Any ideas on rigging to make them more durable on the troll? I do not want to use a weight to keep them upright. I hook through the back for drifting and have no issues with their behaviour doing this. Perhaps this is standard behaviour for this fish --I would be interested to hear how they go for you.

Grant


----------



## Squidder (Sep 2, 2005)

Hi Grant, I am an extremely novice user of livies, but an observation is that yakkas and slimies are much more round in profile compared to tailor, which are quite thin and high bodied with slab sides. Could it be that the shape of a tailor is like the spinning blade on a celta (and therefore spins a lot), whereas yakkas and slimies are more like the shape of a metal slug (which doesn't spin much)?


----------



## kayakone (Dec 7, 2010)

Swivel Grant?

trev ('don't go past the bins')


----------



## Ado (Mar 31, 2008)

I'm another novice talking from my hat, but ....

My understanding is that, for all their aggression and bravado, Tailor die as soon as you look at them kinda funny. Put them in a bucket with yakkas and they'll be upside down and flaring their gills before the yakkas even cough. I don't think the way you rig them will make any difference. You may be better butterflying them from tail to gills and removing the spine so that they at least look like they're swimming.


----------



## Dodge (Oct 12, 2005)

Ado said:


> You may be better butterflying them from tail to gills and removing the spine so that they at least look like they're swimming.


If you sharpen a metal pipe, you enter the wrist before the tail, snap the spine to get access over the end of the bone by pushing tail to a right angle, then push the pipe forward along the spine so it cores the fish right up to the gills. Do it slowly, as if it comes off the spine you can core your own hand.

We used to keep the sharp end a bit jagged so we could rotate it like a saw blade when hitting any tough bone, I had a s/s pipe and a square timber handle araldited at one end of the pipe so it could be turned easily, the tube was open at both ends so the bone could be pushed out easily.

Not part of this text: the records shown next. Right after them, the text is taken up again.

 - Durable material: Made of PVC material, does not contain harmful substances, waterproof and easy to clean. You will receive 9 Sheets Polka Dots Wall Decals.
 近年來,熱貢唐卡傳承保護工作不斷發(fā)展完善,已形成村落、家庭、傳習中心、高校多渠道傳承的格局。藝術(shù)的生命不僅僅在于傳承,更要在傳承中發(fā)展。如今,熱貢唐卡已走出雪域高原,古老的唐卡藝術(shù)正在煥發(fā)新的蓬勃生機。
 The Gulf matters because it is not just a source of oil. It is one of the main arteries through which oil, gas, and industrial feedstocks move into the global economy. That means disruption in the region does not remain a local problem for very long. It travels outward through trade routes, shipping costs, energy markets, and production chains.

Gives you a very smooth body that is now quite flexible.


----------



## ArWeTherYet (Mar 25, 2007)

Hook through the nostrils and fixed trailing hook through anal fin (not too tight), swivel. Troll at about walking pace. Haven't had any problems with line tangle and have let them swim away after a couple of hours trolling.......pity they increased the size to 35cm's in QLD as there a little too big for bait where I fish.
Good bait cause they tend to panic and swim around a lot when a predator is around, other live bait seems to stay still and hope nothing sees them.


----------



## Thegaff (Apr 19, 2011)

When ever im fishing with live bait the stay still and do nothing aproach seems to work out in my baits favour more oftern then not.


----------



## Wrassemagnet (Oct 17, 2007)

ArWeTherYet said:


> Hook through the nostrils and fixed trailing hook through anal fin (not too tight), swivel. Troll at about walking pace. Haven't had any problems with line tangle and have let them swim away after a couple of hours trolling.......pity they increased the size to 35cm's in QLD as there a little too big for bait where I fish.
> Good bait cause they tend to panic and swim around a lot when a predator is around, other live bait seems to stay still and hope nothing sees them.

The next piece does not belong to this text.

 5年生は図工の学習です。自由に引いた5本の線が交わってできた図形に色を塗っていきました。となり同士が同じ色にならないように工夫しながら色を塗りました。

I use a two j hook rig as well and like AWTY I find the tailor hardier when pinned through the nostrils rather than bridled through the front of the eye socket, unlike slimies or yakkas which last better bridled. Second hook in front of dorsal fin. I use a swivel too. I also add a small ball sinker running down to a soft glow bead (Im mainly using tailor at night for jewies) above the nose hook. I find they spin whenever I troll faster than about 4kph but because I like to drift them with the current in complete silence this doesn't bother me. Hope this helps.


----------



## matto1 (Jun 23, 2012)

i hate bait, just saying 

seriously though i can NEVER get livies right, i have found however a swivel and light weight helps


----------